With a title like “College Forever” it probably sounds like I never wanted to leave college, right? Well, that’s true to some extent. At graduation, I felt like a preschool that clings to her mother’s leg. “NO MOM, NOT THE REAL WORLD! DON’T MAKE ME!” Yeah it wasn’t pretty.

But I also did the same thing GOING to college. I HATE change. I was all gung-ho about college and making new friends and decorating my room until I actually got into college. But then I had a few more months to get excited again. And I did a decent job. Buying new things? Awesome. Packing? No problem. The trip there? Wonderful…until we were about an hour away from my school. That is when I started regretting every decision I had ever made in my life up until that moment.

It gets better, right? No. It didn’t get better. I called my mom every day during orientation saying I wanted to transfer to the school I had sworn up and down I would never attend because of it’s proximity to my parent’s home and the amount of my graduating class that was going there. Outside of classes, I wasn’t involved in anything. I spent so much time talking to my home friends on AIM that I didn’t make any new friends. What was worse, my classes were MUCH harder than I expected them to be. For the first time in my life, there were kids that were…shhhh…smarter…than me in my classes. After the initial hysteria and threatening to transfer home, I started to seriously consider changing majors and transferring to a school that had better offerings for me.

Finally, in the winter, there was one night that started me on the path to liking my college of choice. A friend invited me over for a karaoke night. I barely knew the other people he had invited, but I had so much fun just hanging out and taking turns singing and singing as a group. It was the first time I can remember being happy at my school – five whole months after I had arrived! Later, I told my friend that it reminded me of the cast parties we used to have after the shows in high school. He asked why I wasn’t involved in the theater or music programs that our college offered. I didn’t even know that those things existed!

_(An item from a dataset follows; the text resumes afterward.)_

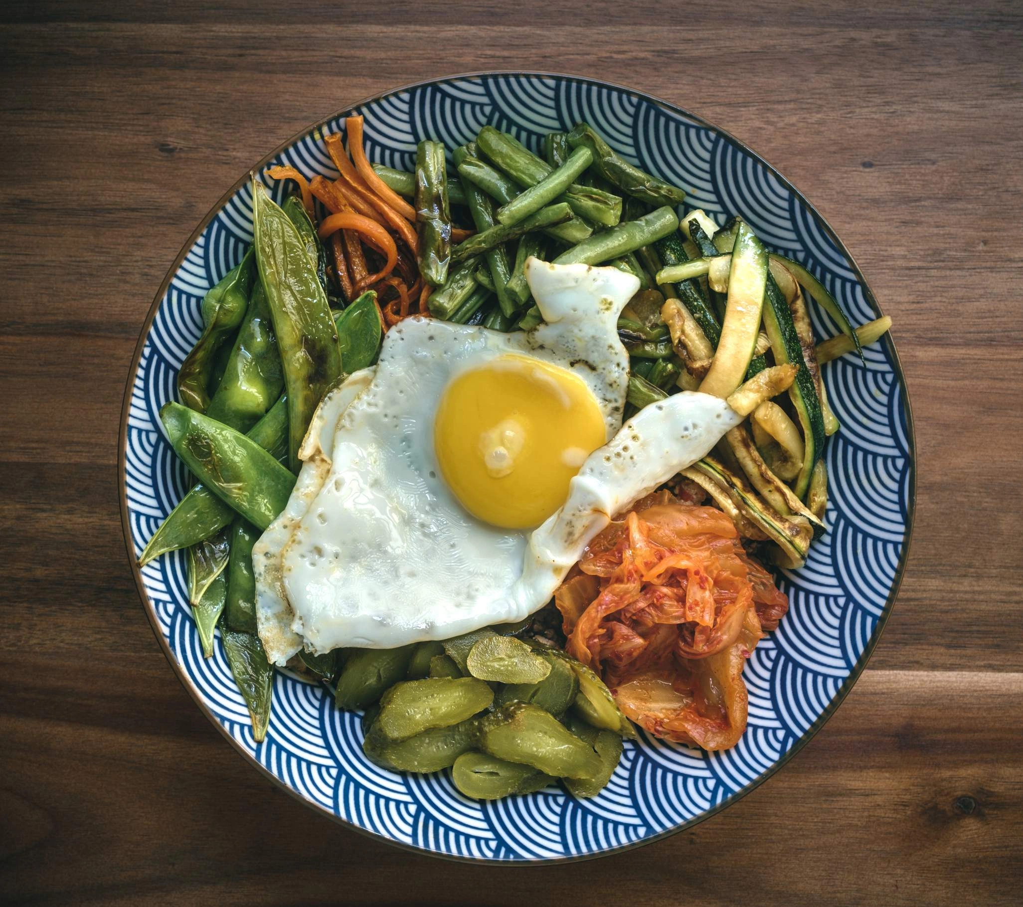 - Put the rice on the bottom of a large, deep plate. Layer the meat on top of the rice with all its juice. Put all the fillings over the meat: vegetables, pickled cucumbers, kimchi. Place the fried egg in the middle. Sprinkle with freshly ground sesame seeds.
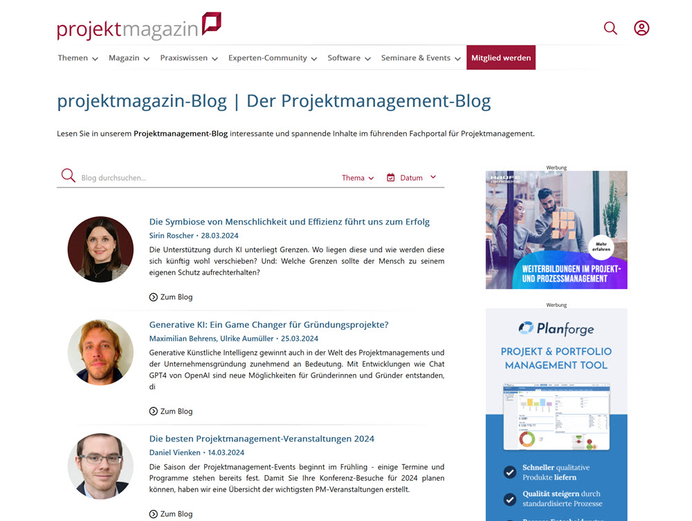 Der Blog des Projektmagazins ist ein kostenloser Bereich des ansonsten kostenpflichtigen Medienangebots. Er bietet praxisnahe Inhalte für Projektmanager:innen, Führungskräfte und alle, die in Projekten tätig sind. Der Blog deckt ein breites Spektrum an Themen ab, darunter klassische und agile Projektmanagement-Methoden sowie aktuelle Trends wie Digitalisierung und Remote Work. Die Beiträge bieten fundierte Tipps zur effektiven Planung, Steuerung und Durchführung von Projekten und beleuchten wichtige Aspekte wie Ressourcenmanagement, Zeitplanung und Risikomanagement. Darüber hinaus beschäftigt sich der Blog intensiv mit der Führung von Teams und der Entwicklung einer erfolgreichen Teamdynamik. Ergänzt wird das Angebot durch tiefgehende Fallstudien und Erfahrungsberichte, die wertvolle Einblicke in die Praxis bieten. Der Blog dient als wertvolle Ressource, um sich über die neuesten Entwicklungen und Best Practices im Projektmanagement zu informieren und weiterzubilden.

I finally had figured out what had been missing. I had been in some sort of music program from kindergarten until I graduated high school. As a senior looking into colleges, I didn’t think it was something that I would miss. Once I joined different organizations, I finally had some time to enjoy myself. I also made friends with people that I am still friends with to this day!

Recently, I took the time to thank that friend that invited me over for karaoke. I don’t think he ever realized how much that one gesture changed my life. We didn’t hang out much after freshman year – lived in different buildings, did different things. I was glad I was able to reach out to him. My life could have turned out so different had I transferred. And then what would you be reading right now?